## Requirement
Exclude all pictures, then write out exactly the lines below from the first one through the line with "1、运行OneKey Gho".

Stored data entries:
'''
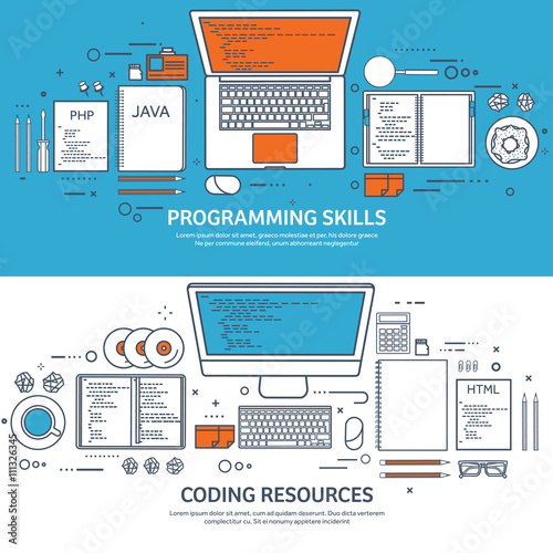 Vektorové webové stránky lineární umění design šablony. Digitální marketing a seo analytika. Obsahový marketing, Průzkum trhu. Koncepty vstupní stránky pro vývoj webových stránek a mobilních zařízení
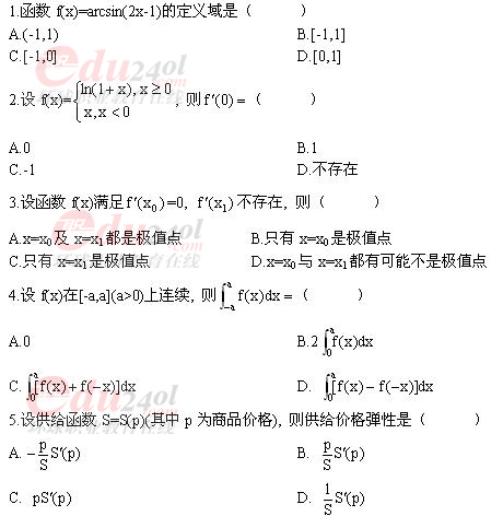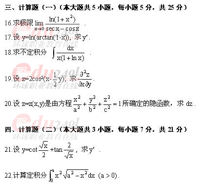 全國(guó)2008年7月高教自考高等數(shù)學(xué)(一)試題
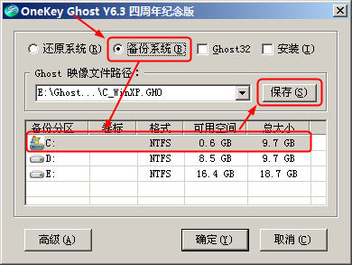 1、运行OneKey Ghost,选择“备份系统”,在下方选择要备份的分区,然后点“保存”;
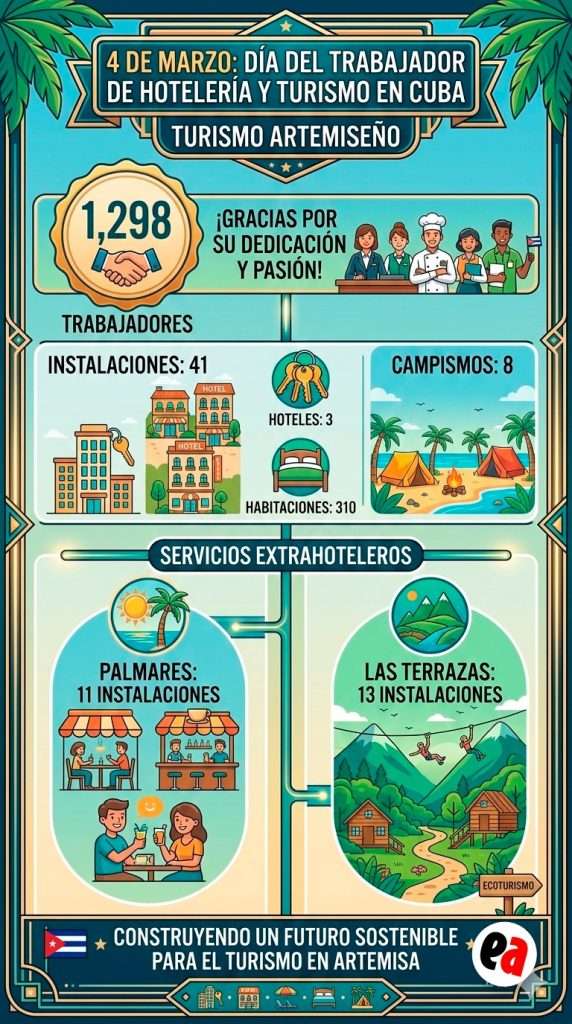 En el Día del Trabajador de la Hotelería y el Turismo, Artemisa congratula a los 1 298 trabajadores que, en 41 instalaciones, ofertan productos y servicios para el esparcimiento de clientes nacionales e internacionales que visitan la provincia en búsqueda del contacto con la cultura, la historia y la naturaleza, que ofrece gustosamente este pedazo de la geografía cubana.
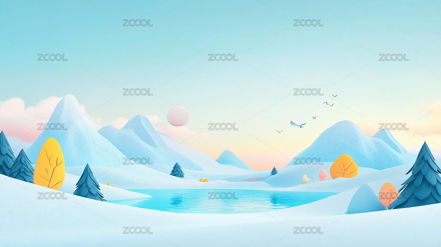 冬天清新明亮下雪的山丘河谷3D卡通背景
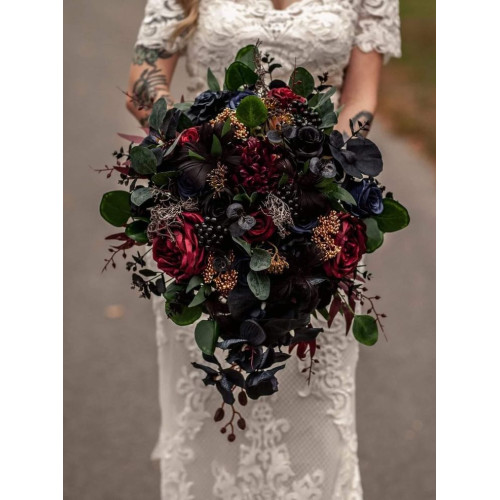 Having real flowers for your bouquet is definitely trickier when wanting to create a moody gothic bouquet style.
'''
## Solution to this task
 Vektorové webové stránky lineární umění design šablony. Digitální marketing a seo analytika. Obsahový marketing, Průzkum trhu. Koncepty vstupní stránky pro vývoj webových stránek a mobilních zařízení
 全國(guó)2008年7月高教自考高等數(shù)學(xué)(一)試題
 1、运行OneKey Ghost,选择“备份系统”,在下方选择要备份的分区,然后点“保存”;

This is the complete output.